В споре с Толстым. На весах жизни (Булгаков) - страница 164

. Нет, подобная философия – как кислые щи без изюминки (по «Живому трупу»)>132, как весы без стрелки равновесия, как неплодоносящая яблоня, как свод без замка. Понятие Бога имеет всеобщее, всеустрояющее, сводящее концы с концами, универсальное значение. И даже если бы оно оставалось только понятием, от него нельзя, не может отказаться человек.

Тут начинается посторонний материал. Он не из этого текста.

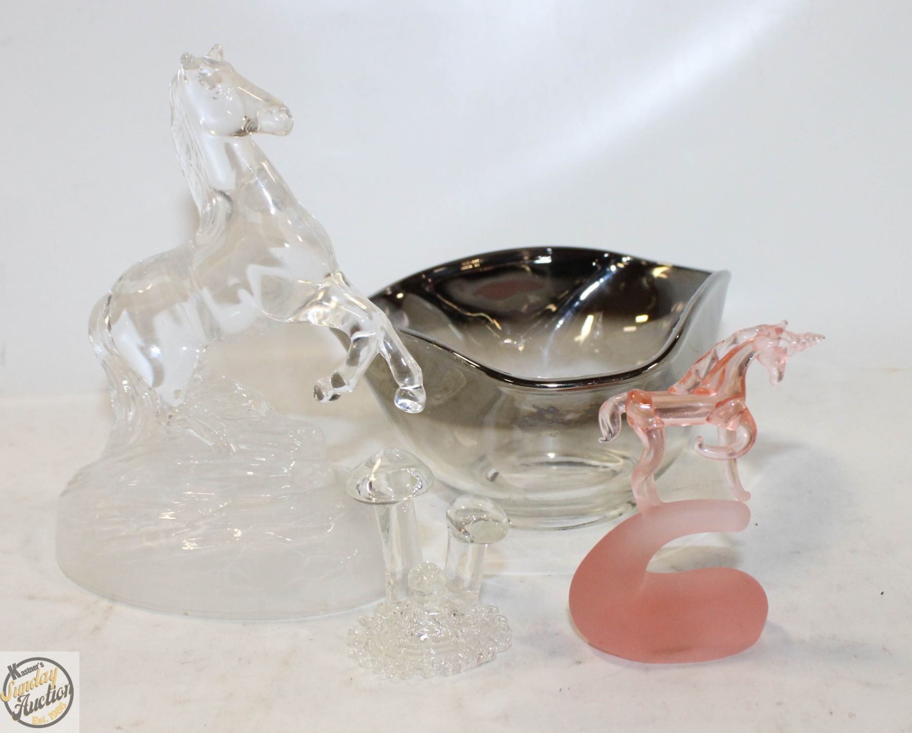 GIFT CRAFT HORSE + SILVER TRIMMED ART GLASS BOWL + ART GLASS HAND BLOWN MUSHROOMS WITH 2 NEW BLACK PLACEMATS **ALL ITEMS MUST BE REMOVED BY 5PM SATURDAY, JULY 5TH 2025. ALL REMAINING ITEMS WILL BE SUBJECT TO A $6.00 PER DAY STORAGE CHARGE. ANY ITEMS REMAINING AFTER MONDAY, JULY 21ST 2025 WILL BE CONSIDERED FORFEITED. NO REFUNDS WILL BE ISSUED FOR FORFEITED ITEMS. TO SCHEDULE A PICK UP APPOINTMENT CLICK HERE

Но этика Фейербаха, этика счастья, эвдемонизм, кажется мне живой и естественной. Сущность нравственности заключается, по Фейербаху, в блаженстве, но не в блаженстве одиночном, а в блаженстве всеобщем, распространяющемся на других, ибо «я» неотделимо от «ты». Стремление к счастью предполагает взаимную зависимость людей, заложенную в глубине человеческой природы. Тут прежде всего следует отметить половую противоположность, влекущую людей двух полов к соединению.

Противоречие между чувством и долгом иногда, действительно, тревожит нас, но и оно не имеет абсолютного значения и не безысходно, как это хотят доказать строгие моралисты. Даже самопожертвование, как правильно указывает Фейербах, может быть связано с счастливым сознанием блага его для других. Надо жить, а не мучиться, и быть счастливым, сколько только лежит в твоих возможностях и способностях. Фейербах – гуманист, и его искренний, высокий гуманизм определенно носит на себе следы христианского происхождения, хотя вся искусственная, вымученная метафизика исторического христианства и отброшена нашим философом без сожаления.

* * *

Нельзя, да и нет нужды, запрещать человеку жажду личного счастья. Любому моралисту и учителю нравственности приятнее видеть человека счастливым, чем несчастливым. Пусть же глаза как можно большего количества людей сияют счастьем и силой жизни, а радостная улыбка почаще расцветает на их лицах.

* * *

«…Не вы ли сказали где-то: в жизни много прекрасного и кроме счастия. В этом слове есть целая религия, целое откровение». Так в 1837 году писал Тютчев В. А. Жуковскому>133. Конечно, Тютчев прав. Кроме счастья, есть еще глубокая духовная одинокая жизнь, есть самоотвержение, альтруизм, смерть «за други своя». Но все это для несчастных людей (для несчастных, а не для счастливых) бывает часто только спасительным убежищем, в котором можно соблюсти свое достоинство. Изречение, понравившееся Тютчеву, могло родиться только в голове такого глубокого меланхолика и человека, обойденного счастьем, каким был В. А. Жуковский. Если бы М. П. Протасова ответила Василию Андреевичу взаимностью и стала его женой, мы не знали бы счастливее человека. О том, что можно обойтись без счастья, говорят только в тех случаях, когда на счастье уже нет и не может быть никакой надежды.